As cameras scanned the audience assembled in the chamber of the U.S. House of Representatives, it was hard to miss the fact that only five of the nine U.S. Supreme Court justices were present — Chief Justice John Roberts Jr. and Justices Anthony Kennedy, Ruth Bader Ginsburg, Stephen Breyer and Elena Kagan.
Though Justice Sonia Sotomayor — one of Obama’s appointees — was likely on her way to Guam, where she’s scheduled to speak at an upcoming judicial conference, conservative Justices Samuel Alito, Antonin Scalia and Clarence Thomas were conspicuously absent.
That’s a historically low number of Supreme Court justices at a State of the Union address; only six attended last year. After Obama used his 2010 address to publicly criticize the Court for a ruling on a campaign-finance case, and with protocol demanding that the justices sit through the chastising impassively, Alito said he was unlikely to attend again — and has stayed away ever since.
Lamborn, a Republican from Colorado, said Monday he’d be boycotting the speech to protest Obama’s policies; he also dismissed the president as being “in full campaign mode.”
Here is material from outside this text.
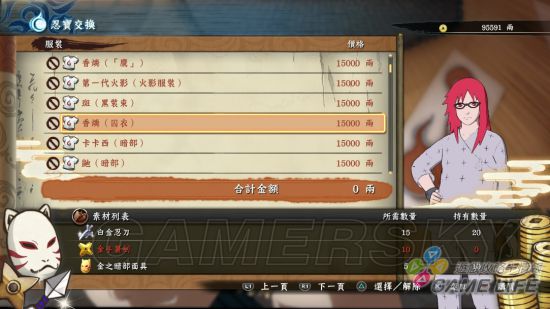 “收藏”则能以持有的金钱与忍宝交换各式各样的收集要素,除了在连线对战模式中会用到的“忍识卡”相关编辑要素外,另外也能购入角色们的服装模组与特殊语音。而在其他的游戏模式里收集到的终结特写画面与名号也能在“收藏”中进行确认,随时追踪收集的进度。

Tom McClusky, vice president of Family Research Council Action, said he was less concerned by who wasn’t there than who was. Sitting in places of honor next to the First Lady were two lesbians, one of whom was there to represent the administration’s victory in overturning the military’s Don’t Ask, Don’t Tell policy last year. The decision has led to an all-out assault on the Defense of Marriage Act, the federal law defining marriage as the union of one man and one woman.
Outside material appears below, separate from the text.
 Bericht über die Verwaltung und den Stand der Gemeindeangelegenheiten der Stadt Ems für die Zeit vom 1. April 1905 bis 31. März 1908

“He was trying to play it both ways,” McClusky said. “The majority of the country is not with him on these issues, but he needs them to get re-elected, but he also needs the gay people in his base.”
For their part, gay bloggers were also displeased by the speech — saying Obama mentioned their community only once, and did not declare support for same-sex marriage, specifically mention Don’t Ask, Don’t Tell, or call on Congress to pass a federal law creating special protections for gay people in the workplace — the Employment Non-Discrimination Act.
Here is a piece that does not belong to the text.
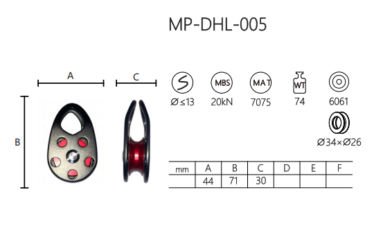 Der MP-DHL-005 ist eine kompakte Riemenscheibe, die für Kletteranwendungen entwickelt wurde. Es besteht aus der Aluminiumlegierung 6061 und kombiniert Haltbarkeit mit einer Leichtbauweise von 74 Gramm. Mit einer maximalen Bruchfestigkeit (MBS) von 20 kN trägt es Seile mit einem Durchmesser von bis zu 13 mm.
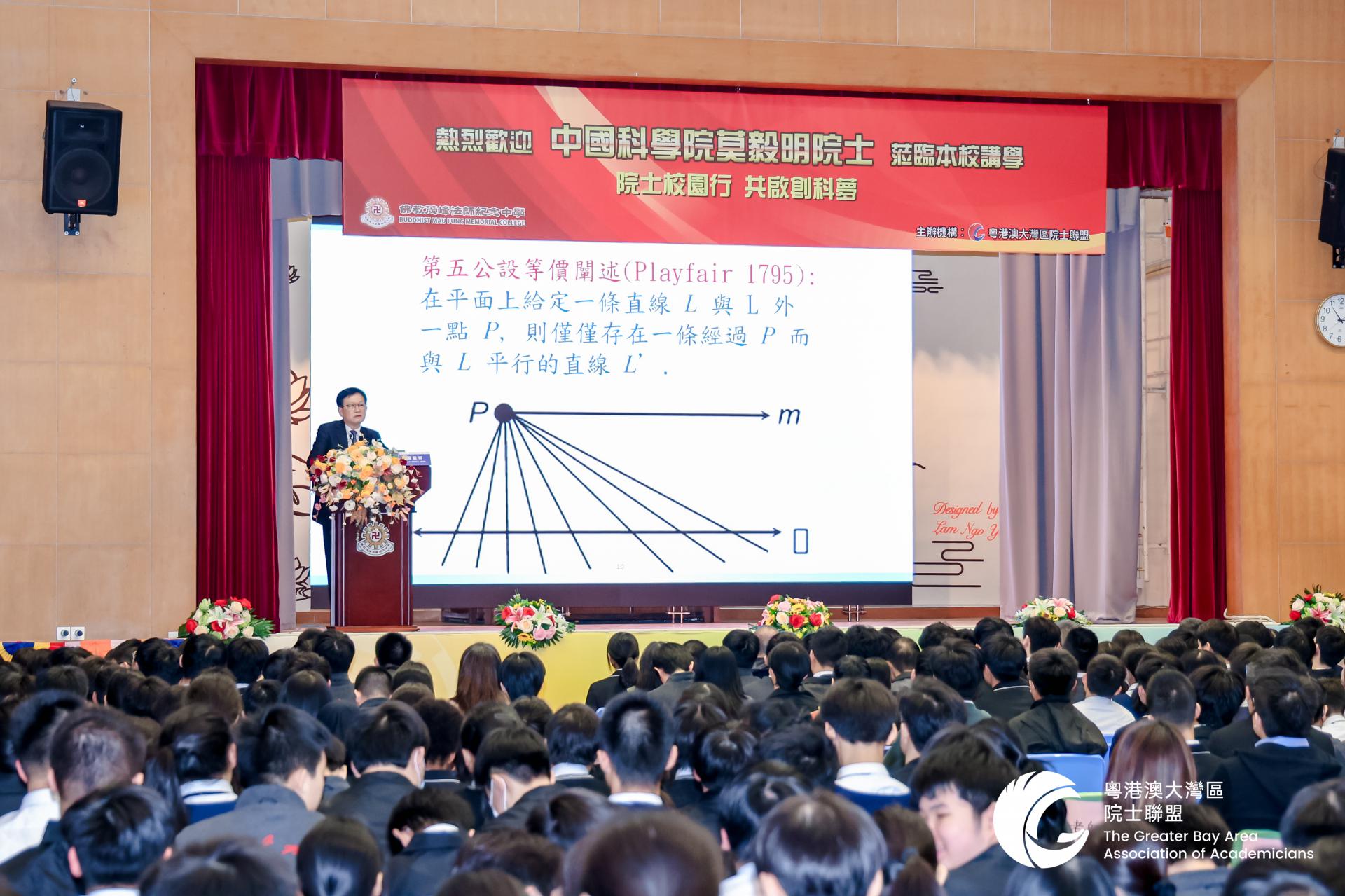 The event invited Professor Ngaiming MOK, an academician of the Chinese Academy of Sciences, to deliver a mathematics-themed lecture titled "Starting from Plane Geometry and the Square Root of -1" to over 700 teachers and students at the school.

McClusky said the Republicans’ rebuttal, given by Indiana Gov. Mitch Daniels, missed a huge opportunity to point out how Obama’s policies discriminate against people of faith.
“He was talking about regulations and all, and not surprisingly failed to mention how a lot of his regulations are hurting not only businesses, but churches — like the conscience mandate in ObamaCare, forcing [religiously affiliated institutions] to either get out of business or violate their faith,” he said. “The Obama administration has been anti-religious since he’s taken over, and it’s really heated up lately.”
Overall, Obama’s speech drew 9.5 million television viewers nationwide — less than a re-run of last week’s episode of “American Idol.”